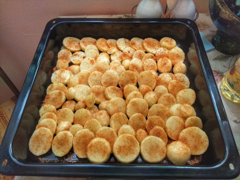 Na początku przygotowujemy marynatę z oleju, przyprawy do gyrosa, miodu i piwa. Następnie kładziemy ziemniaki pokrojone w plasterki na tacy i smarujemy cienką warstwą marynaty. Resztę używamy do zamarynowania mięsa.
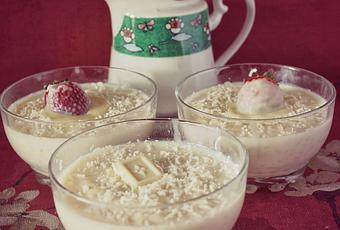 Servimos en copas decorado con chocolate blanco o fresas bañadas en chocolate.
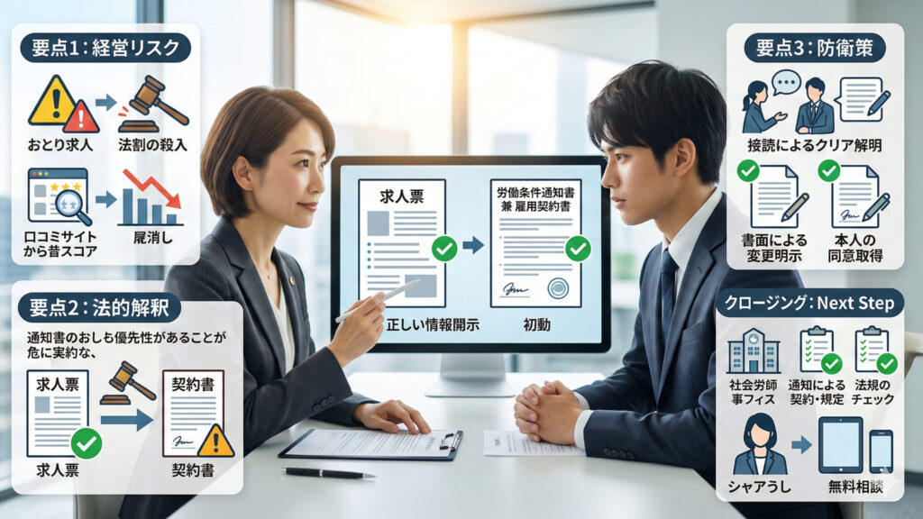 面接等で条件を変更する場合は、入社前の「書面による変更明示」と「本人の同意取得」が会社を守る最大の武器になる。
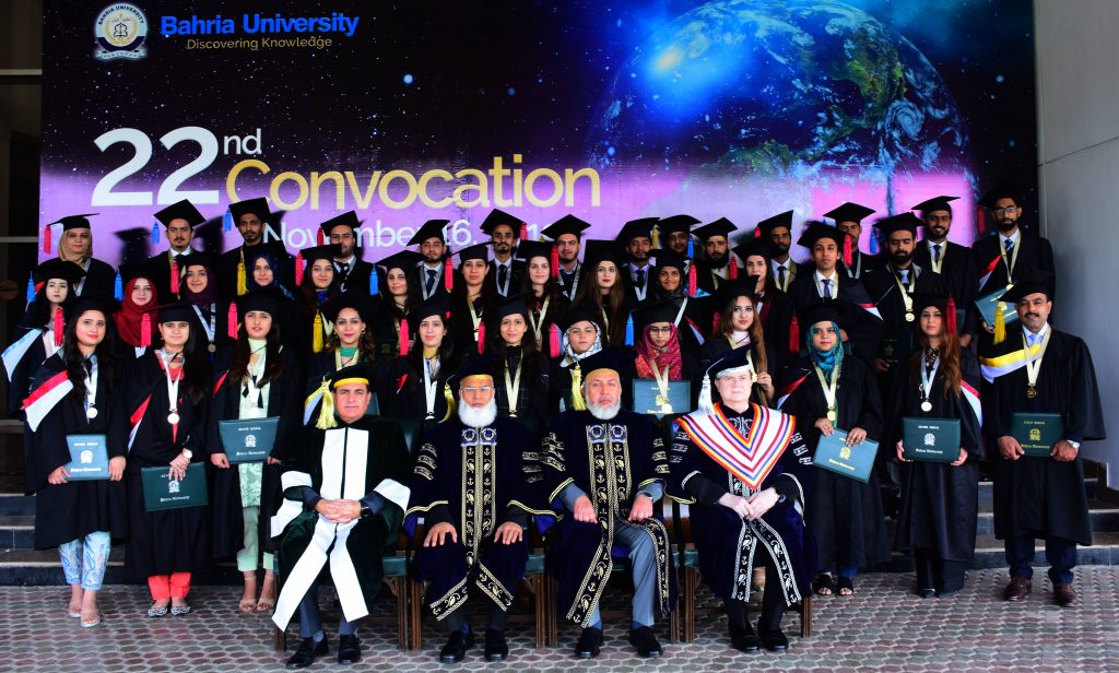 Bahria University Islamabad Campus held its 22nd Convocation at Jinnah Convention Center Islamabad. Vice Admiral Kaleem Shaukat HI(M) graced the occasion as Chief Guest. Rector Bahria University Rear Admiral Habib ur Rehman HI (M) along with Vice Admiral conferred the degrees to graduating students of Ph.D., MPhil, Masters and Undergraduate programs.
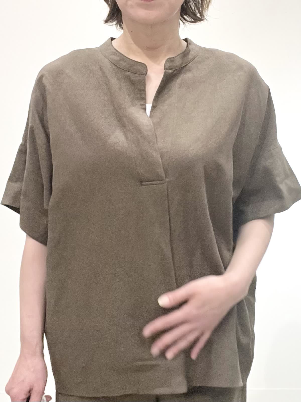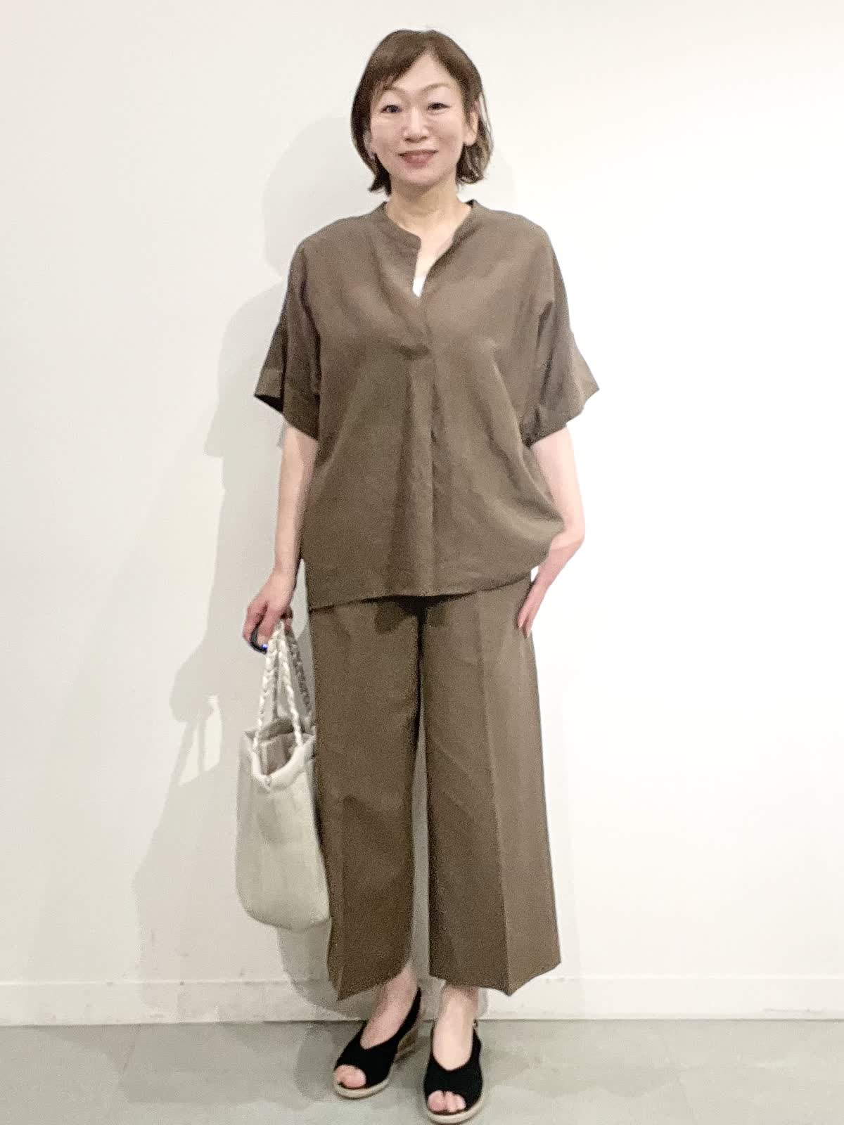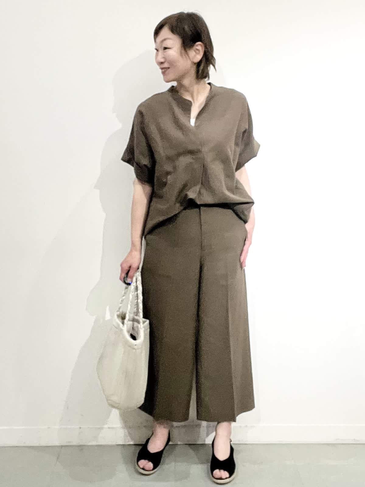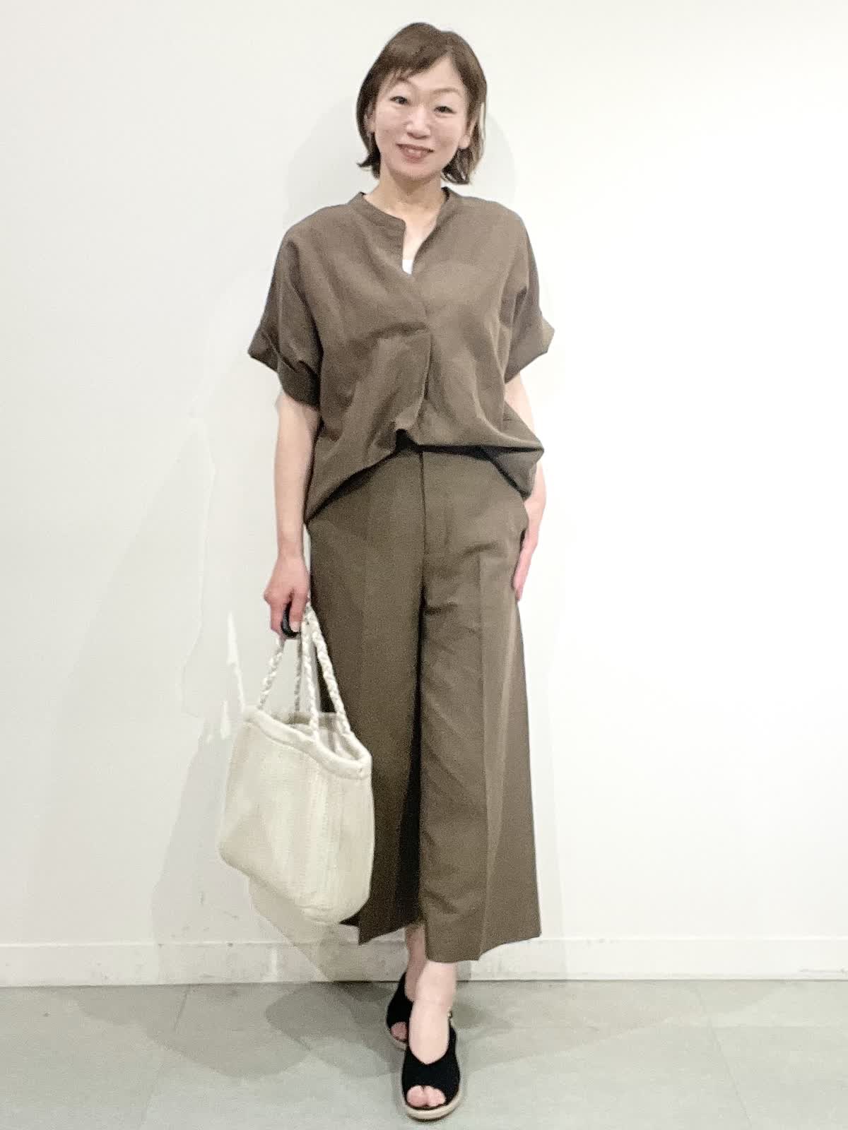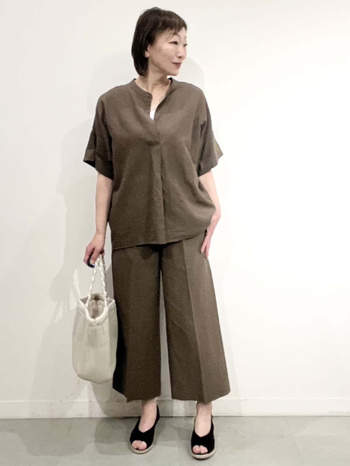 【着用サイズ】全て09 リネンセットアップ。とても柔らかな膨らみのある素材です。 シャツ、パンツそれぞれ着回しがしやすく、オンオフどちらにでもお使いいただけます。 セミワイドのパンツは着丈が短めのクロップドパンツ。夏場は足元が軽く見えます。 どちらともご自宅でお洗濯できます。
══════════
# REQUIREMENT:
The answer should consist solely of the lines from the one containing "Bahria University Islamabad" through the last line of the material, copied exactly, with pictures left out.

# TASK SOLUTION:
 Bahria University Islamabad Campus held its 22nd Convocation at Jinnah Convention Center Islamabad. Vice Admiral Kaleem Shaukat HI(M) graced the occasion as Chief Guest. Rector Bahria University Rear Admiral Habib ur Rehman HI (M) along with Vice Admiral conferred the degrees to graduating students of Ph.D., MPhil, Masters and Undergraduate programs.
 【着用サイズ】全て09 リネンセットアップ。とても柔らかな膨らみのある素材です。 シャツ、パンツそれぞれ着回しがしやすく、オンオフどちらにでもお使いいただけます。 セミワイドのパンツは着丈が短めのクロップドパンツ。夏場は足元が軽く見えます。 どちらともご自宅でお洗濯できます。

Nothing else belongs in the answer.